Sentiment analysis on the text data in the obsidian forums

So I cant sleep.
It’s 2AM, I got bored.
I ran a slapped together sentiment analysis on the text data in the obsidian forums for every post that had >=50 replies.

an aggregate total of 38.1k words here are the results:



The word cloud contains words that occurred 25 or more times in the data set


for anyone who wants the code you can grab it HERE

it looks like this at a glance:


Getting the data was difficult as the site doesn’t easily just give you a ton of JSON so i had to select individual posts which was a pain so i just chose the posts with >50 replies

5 Likes

Hopefully you’ll be able to catch some sleep after this (or not because this is great material your’re sharing :wink: ).
Nice “analysis”.

Hmm I might be wrong but “Graph” although not louder than “Tags” yet receives greater efforts from Obsidian.
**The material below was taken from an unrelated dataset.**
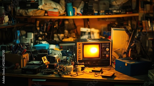 A glowing shortwave radio on a cluttered workbench filled with old electronics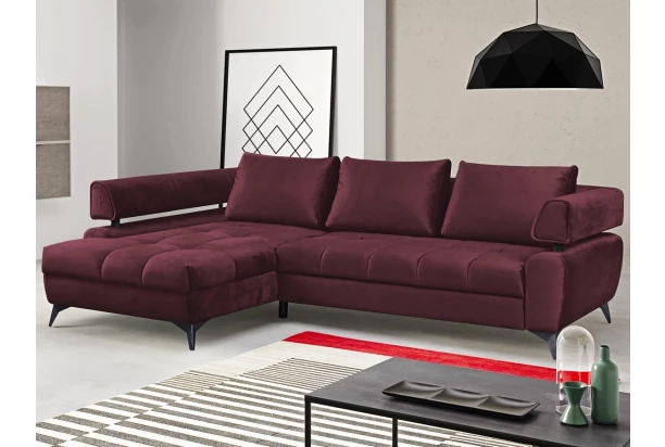 Atraktivní rohová sedací souprava Paris je nejen pohodlná, ale i zajímavá na pohled. Vzdušný design tvarů dotváří velké polštáře, moderní kovové nohy, dekorativní prošev a prostorný otoman. Sedačka tvoří levý roh a je očalouněna kvalitní látkou v optice lesklého sametu v odstínu vínová. Potěší i z praktické strany, díky úložnému prostoru a rozkládací funkci na příležitostné lůžko.

It could be the differentiating “niche” Obsidian is busy building for.

Interesting. What is the outcome if you eliminate common words like “it’s”, “I’m”, “don’t”, “var”, etc.

Relatively high degrees of sadness, disgust, fear, etc., is curious. I don’t get that impression from reading this forum regularly. Esp. “disgust”? What is that all about?

IMO this is due to the analysis ‘AI’.
Don’t believe people are ‘disgusted’ by Obsidian :wink:
I am surely not!!!

Edit
The reason why I believe it will still take a long time before computers can analyse like human beings do…

1 Like

I personally uploaded this clip from Veep to YouTube a couple of years ago so that I could reference it on occasions like this:

this is one of the annoying things that came from this fun little project. getting the JSON data from the forums into a usable format was a hassle but then i still had issues removing ALL the stop words. the text was cut down to about half after the stop word removal but i still had those creep in and at around 3AM i was too irritated to both polishing it xD

as for the ‘disgust’ thing the NRC sentiment lexicon (according to a quick google search) overweighs the positive values, and has multiple sentiments per each word, some words can be benign but still have that sentiment. i mostly chose it because the produced visuals were better than the ‘bing’ sentiment lexicon that just shows binary ‘positive’ or ‘negative’ but is more accurate :man_shrugging:

TOO TRUE. definitely did not follow my own data analysis best practices on this late night / early morning escapade :rofl:

1 Like

Interesting – and thank you for taking time to gin up this analysis. My general perception of this particular forum population is that vocal members (most frequent posters) are often focused urgently on very precise and often complex requirements, resolutely held. I suppose that’s indicative of Obsidian’s recency and maturity phase. Thus no surprise that the sentiment data seems to break evenly positive / negative in a milieu where readers have strong opinions about software.

2 Likes